• What you should do: Please repeat exactly, and only, the lines from the one containing "Ich habe mir" through the end of the records below, with no pictures.

_____

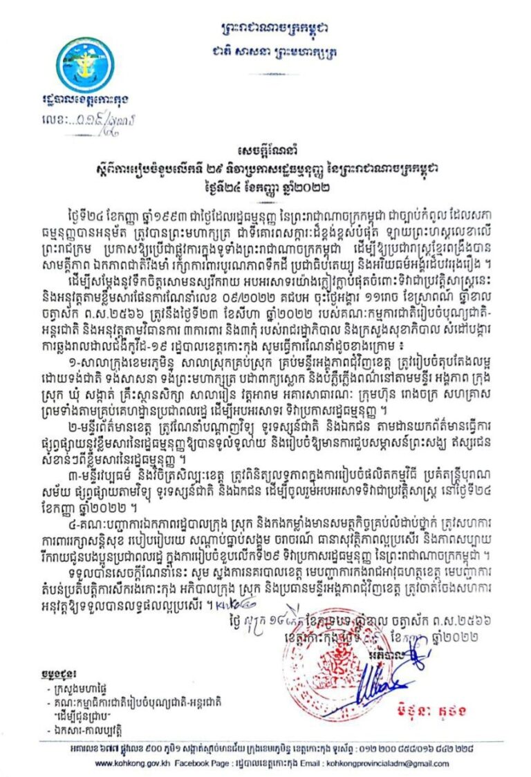 សេចក្តីណែនាំ ស្តីពីការរៀបចំខួបលើកទី ២៩ ទិវាប្រកាសរដ្ឋធម្មនុញ្ញ នៃព្រះរាជាណាចក្រកម្ពុជា ថ្ងៃទី២៤ ខែកញ្ញា ឆ្នាំ២០២២
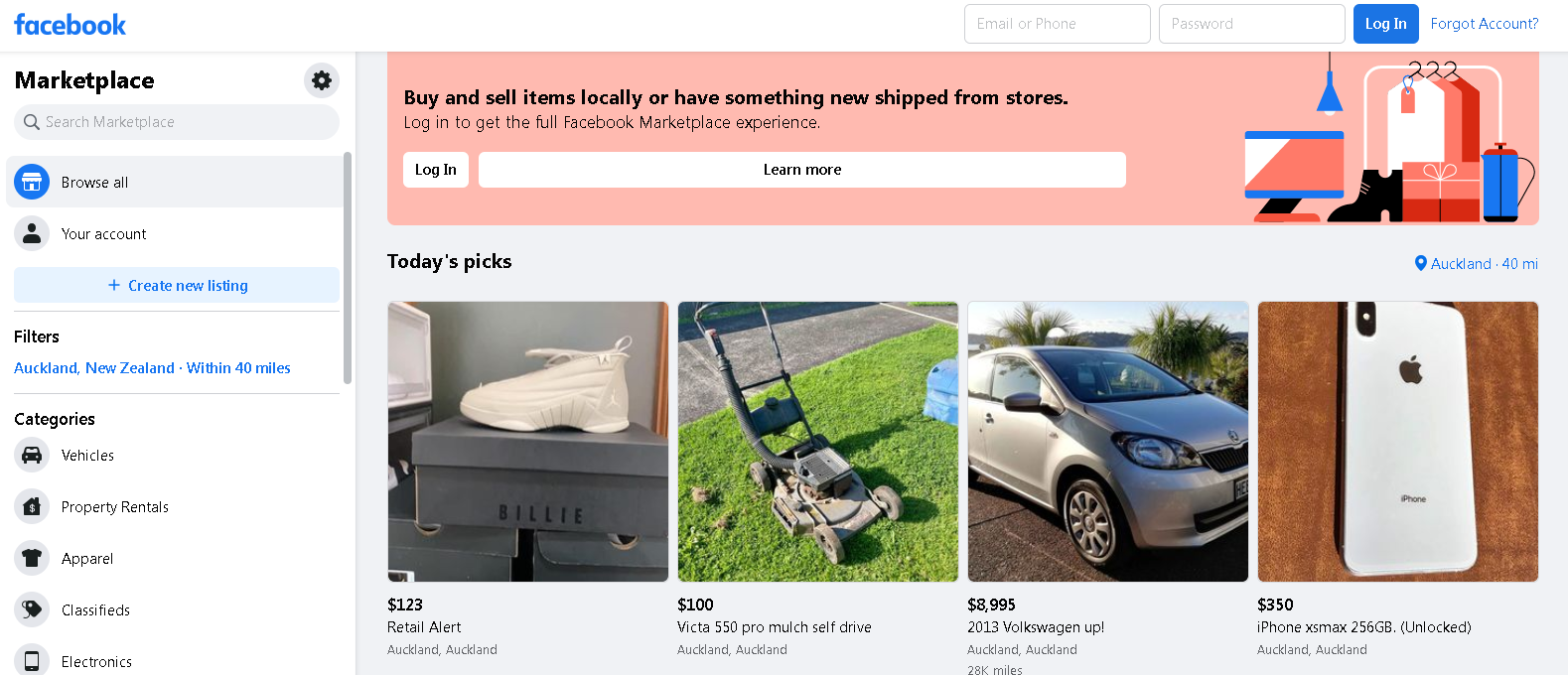 【网站简介】Facebook Marketplace在新西兰也比较流行,很多人都在上面买卖二手物品。FB的Marketplace也有很多私人二手车源,车的质量参差不齐,上面有很多很旧的车,适合预算较低和要求不高的小伙伴。但是如果你喜欢改装或者只想要零件非常推荐在这里淘。Facebook上最多的还是背包客最爱的的露营车,自己改造的房车,可以睡在车上的那种。
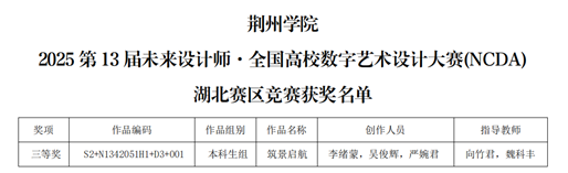 本网讯 近日,2025年第13届未来设计师·全国高校数字艺术设计大赛(NCDA)省级大赛圆满落幕,我院城乡规划专业李绪蒙、吴俊辉、严婉君同学共同创作的作品《筑景启航》荣获三等奖。
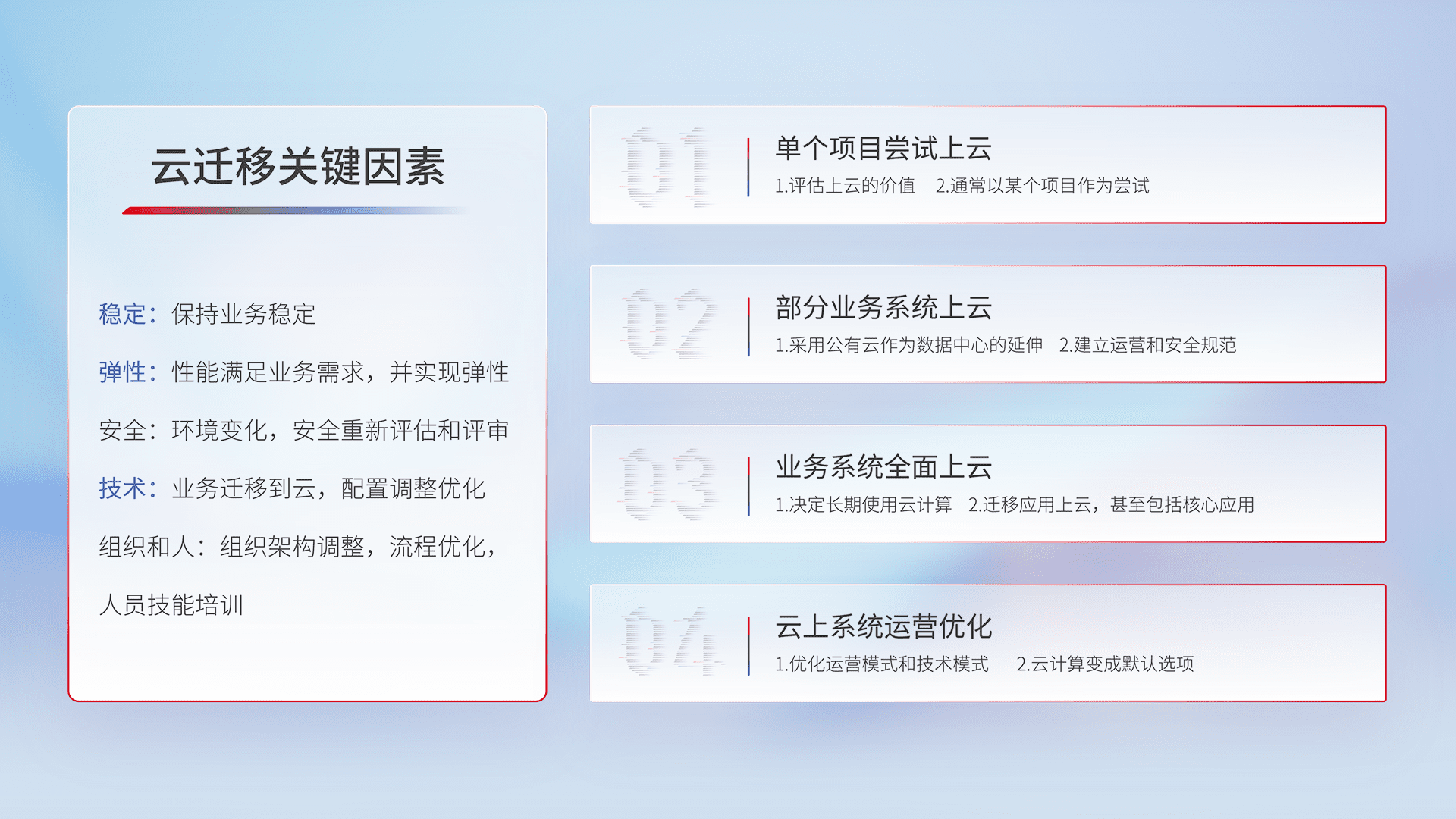 结合实际业务,,,从规划设计、、、、云平台选型、、、云原生改造、、、、数据迁移、、、集成交付,,,迁移全过程为客户识别最佳上云路径,,做好风险识别管理,,设计网络架构、、、身份权限、、、、安全审计合规、、、、操作审计、、日志审计、、、、监控告警策略、、、多站点容灾设计等,,对云上基础设施进行整体规划,,,,提升IT治理水平,,以满足弹性、、高可用、、高性能的需求。。。。
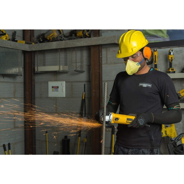 Углошлифовальная машина Dewalt DWE4115 — компактная легкая болгарка для профессионального использования. С ее помощью обрабатывают металлические и каменные материалы/изделия. Помимо шлифовки поверхности, можно задействовать инструмент для полировки или резки. Пользователь имеет возможность установить дополнительную рукоятку с любой удобной для него стороны.
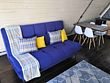 • большой раскладной диван в гостиной с телевизором и видом во двор;
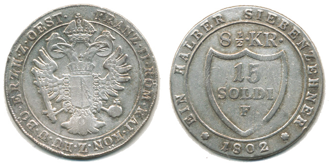 15 Soldi - 8 1/2 kr. 1802 F_mělčí ražba, jinak
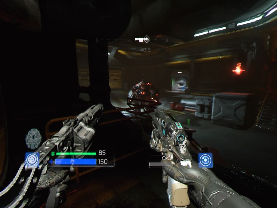 As expected, Doom’s usual stack of insane firearms arrives in quick order. The pistol has infinite ammunition and will always be there for you. Two different shotguns, a pulse rifle, a normal rifle, rocket launcher, a gauss canon—if it was in Doom, it’s here. Weapon mods, found at obviously placed upgrade stations inside of each level, return as well. Doom VFR truncated run-time, however, reduce the number of mods down to just one for each weapon.
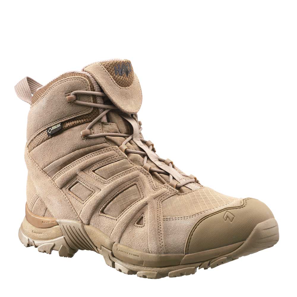 Ich habe mir die halbhohen Stiefel als Ergänzung zu meinen BW Haix Gebirgsjägerstiefeln gekauft. Mid Desert als Farbe ist ok und die Stiefel kommen nicht ganz so "martialisch" rüber. Die Größe EU43 (UK9) entspricht der BW (Mondopoint) Größe 275 und die Schuhe passen daher wie erwartet auch super. Da drückt nix trotz breiter Füße und im Vergleich zu hohen Ganzlederstiefeln tragen sich die Schuhe auch federleicht. Gute Dämpfung! Was ich nicht optimal finde, ist das neue Schnellschnürsystem, deshalb auch nicht 5 Punkte.
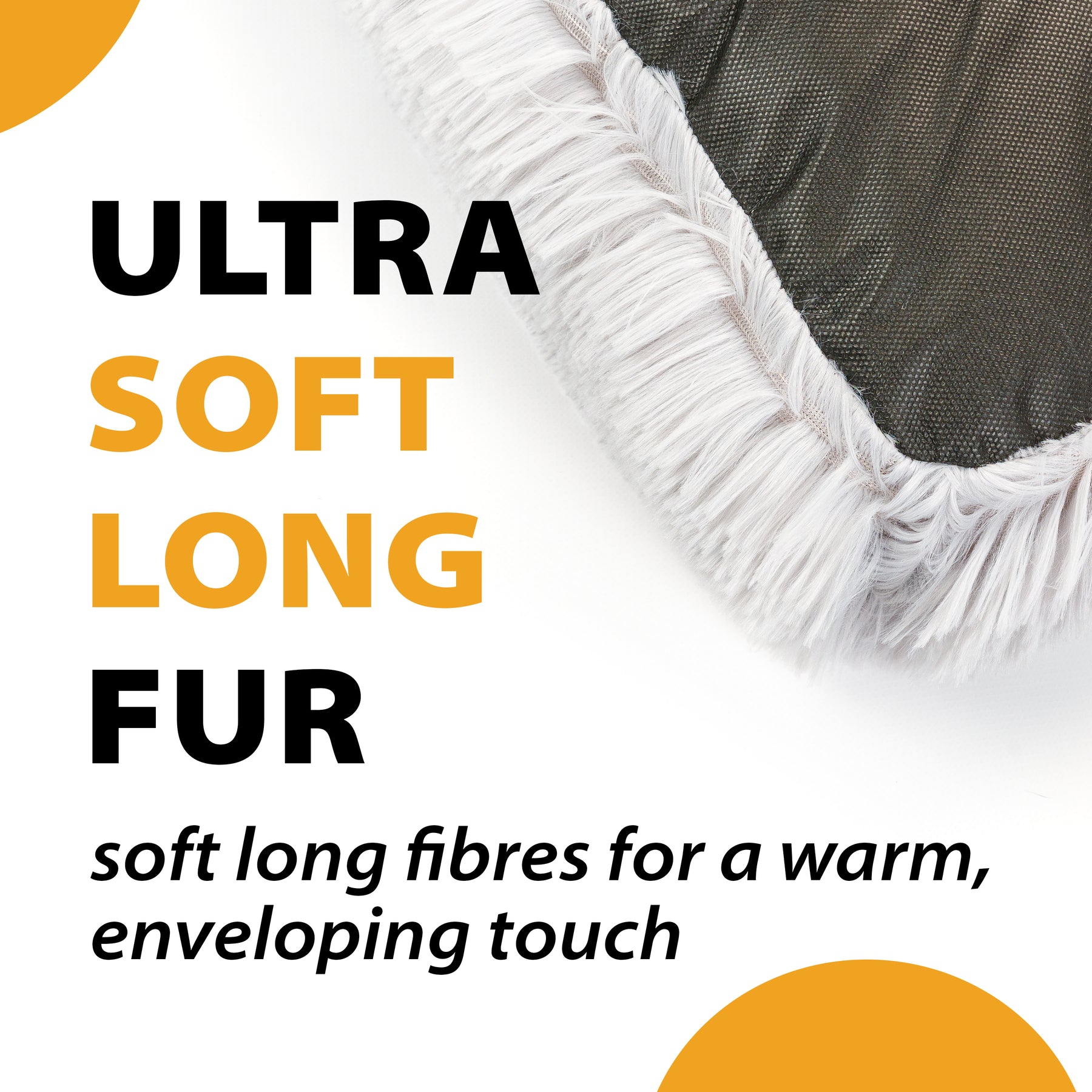 Fabricado en felpa de pelo largo ultra suave, crea una superficie envolvente y acogedora donde tu peludo se sentirá seguro y relajado.

_____

• Result for this exercise:
 Ich habe mir die halbhohen Stiefel als Ergänzung zu meinen BW Haix Gebirgsjägerstiefeln gekauft. Mid Desert als Farbe ist ok und die Stiefel kommen nicht ganz so "martialisch" rüber. Die Größe EU43 (UK9) entspricht der BW (Mondopoint) Größe 275 und die Schuhe passen daher wie erwartet auch super. Da drückt nix trotz breiter Füße und im Vergleich zu hohen Ganzlederstiefeln tragen sich die Schuhe auch federleicht. Gute Dämpfung! Was ich nicht optimal finde, ist das neue Schnellschnürsystem, deshalb auch nicht 5 Punkte.
 Fabricado en felpa de pelo largo ultra suave, crea una superficie envolvente y acogedora donde tu peludo se sentirá seguro y relajado.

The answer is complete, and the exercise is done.